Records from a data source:
-- Opening Marker --

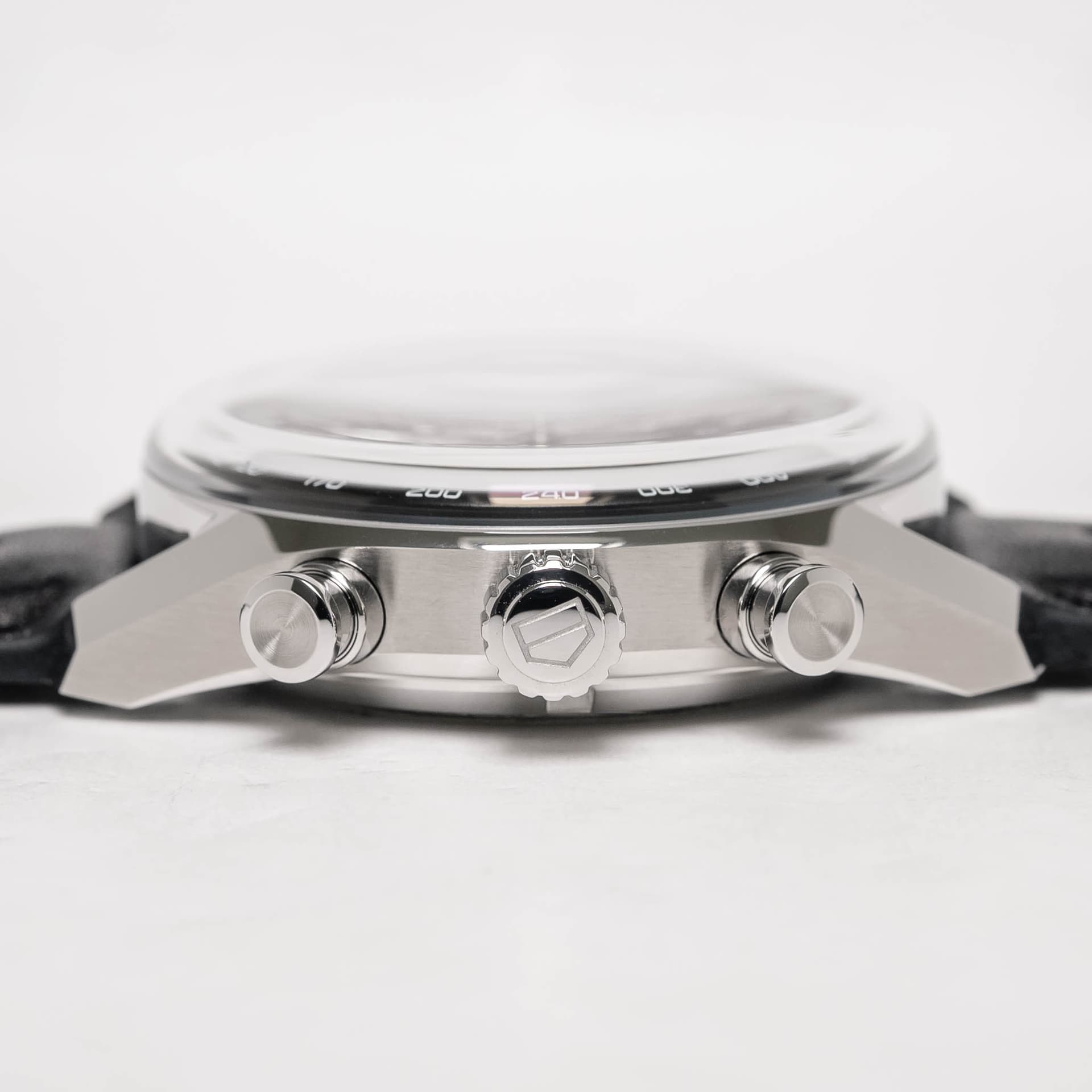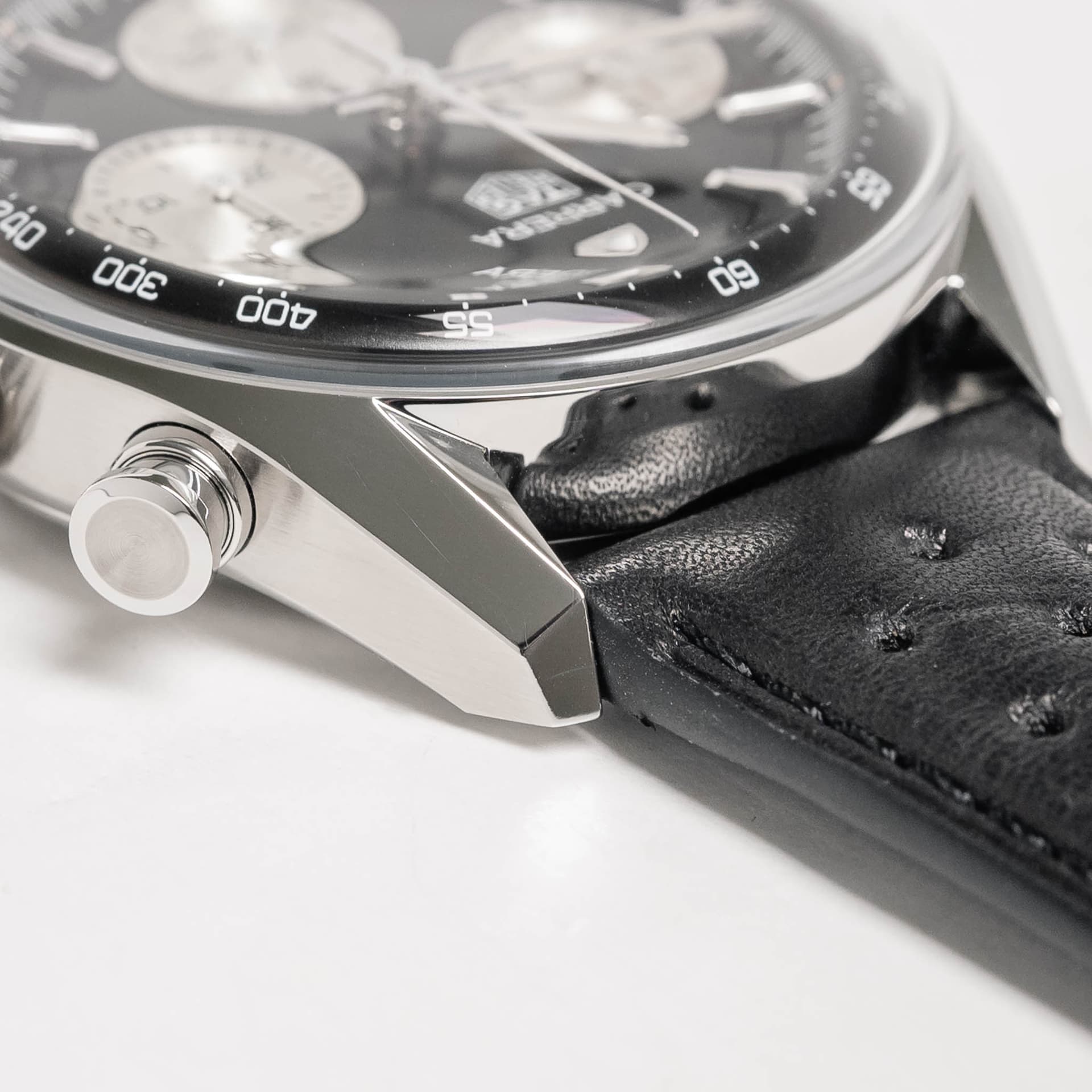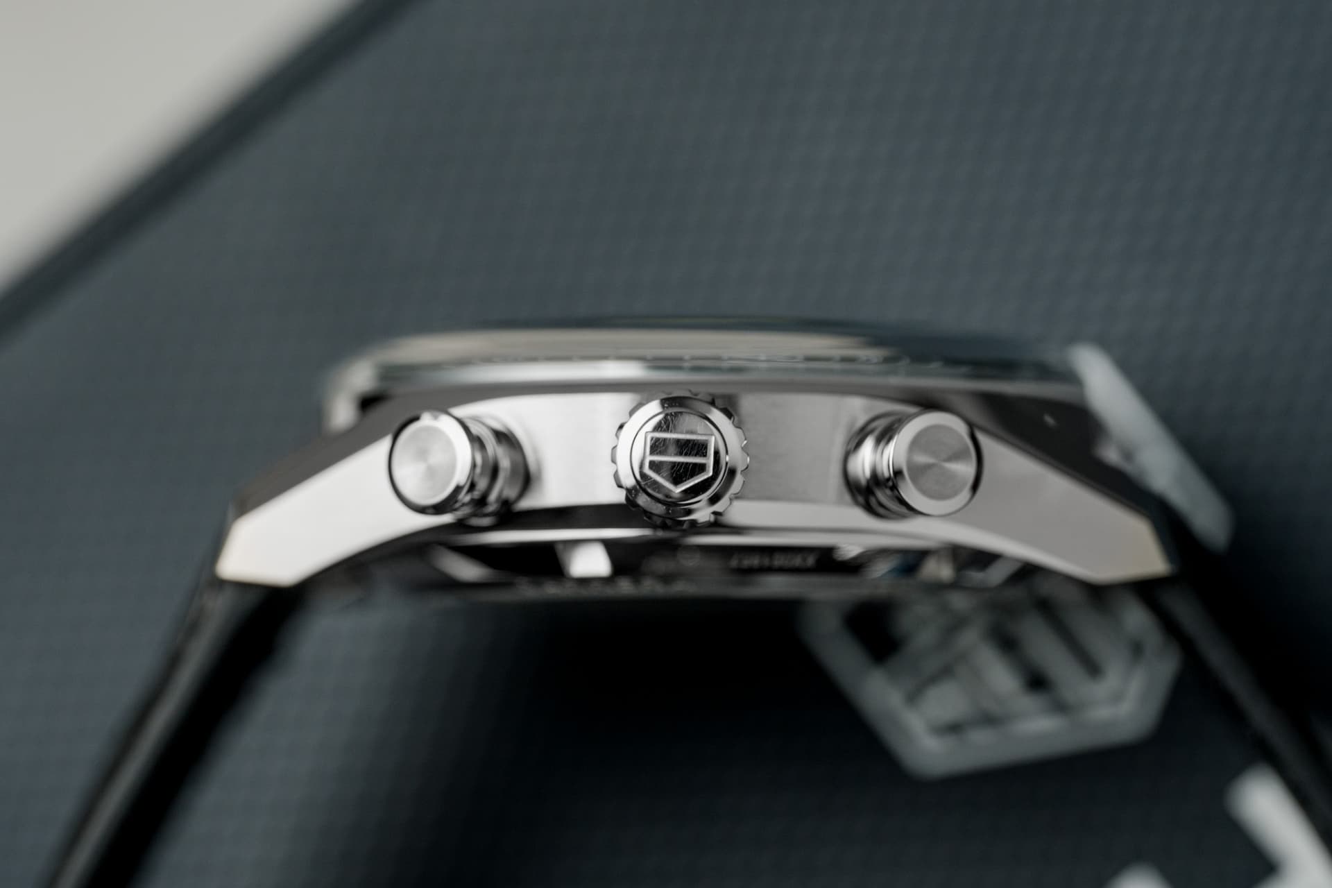 T.o.v. de “pre-Glassbox” Carrera 39mm oogt de combinatie kast plus glas als één geheel. Normaliter heb je een stapje van glas naar kast en dat ontbreekt op de Glassbox. Eigenlijk valt dat het meeste op omdat die aansluiting van glas en kast zo uniek is.
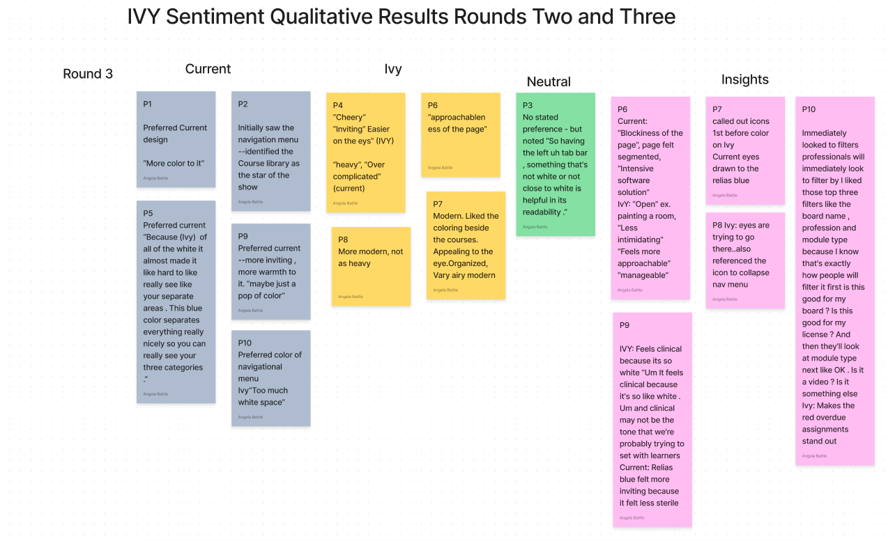 This chart was used to analyze the quantitative results with my primary stakeholder. The Current LMS design frames collected approximately 60% more Negative feeling sentiment across all studies. Next, the Current design frame scored slightly more Engagement sentiment feelings topping the New design by 8 points across all studies. While the Current design inspired more Engagement, the margin was slim. In Usability. the New design system frames garnered more word tallies across all three studies. We also discussed the qualitative results. Overall, the Current design was seen as "easier" to understand how to navigate. This was associated with the use of color to help direct the eye to a starting point. Users who preferred the New design frame remarked that it felt "bright" and "airy" but did not direct the eye to a starting point. All of this feedback was shared in a final report out with the primary stakeholder and the design team.
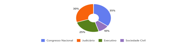 - Sociedade Civil (10%) tem influência limitada, mas pode crescer com mobilizações contra corrupção e violência.
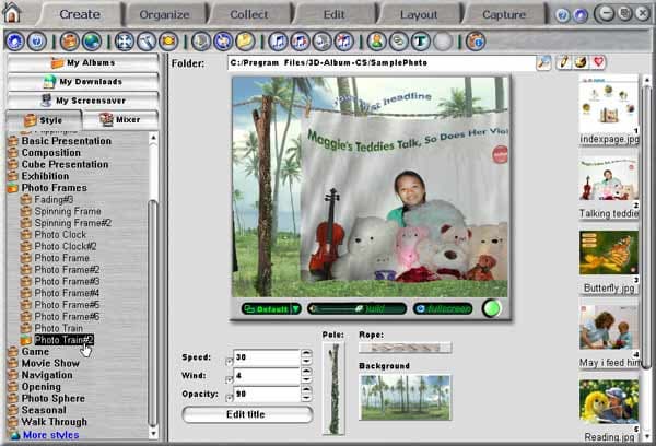 Вкладка Create. Основной инструмент, позволяющий создать "живой" фотоальбом, заставку или презентацию.
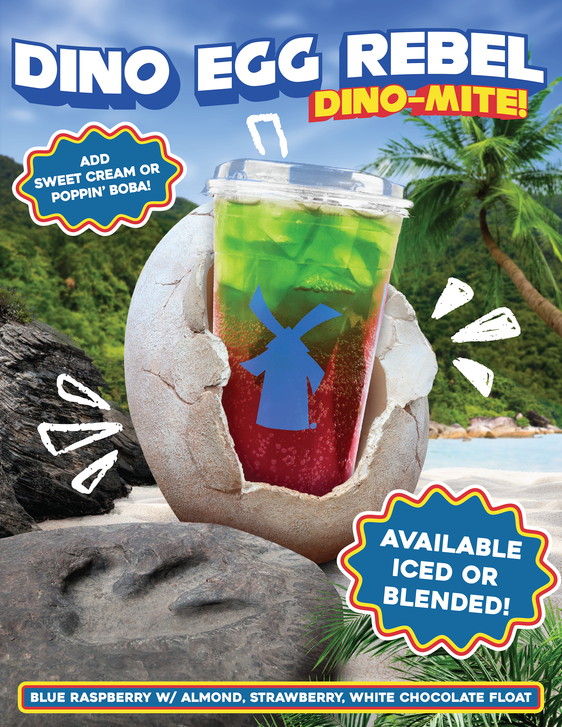 Creative exercise in creating a poster for the Dutch Bros' Dino Egg Rebel

-- Closing Marker --

#### Instructions to follow:
Leave out the pictures, and retype exactly the lines from the one containing "Вкладка Create. Основной" through the last line of the data above, no more and no less.

#### Written answer:
 Вкладка Create. Основной инструмент, позволяющий создать "живой" фотоальбом, заставку или презентацию.
 Creative exercise in creating a poster for the Dutch Bros' Dino Egg Rebel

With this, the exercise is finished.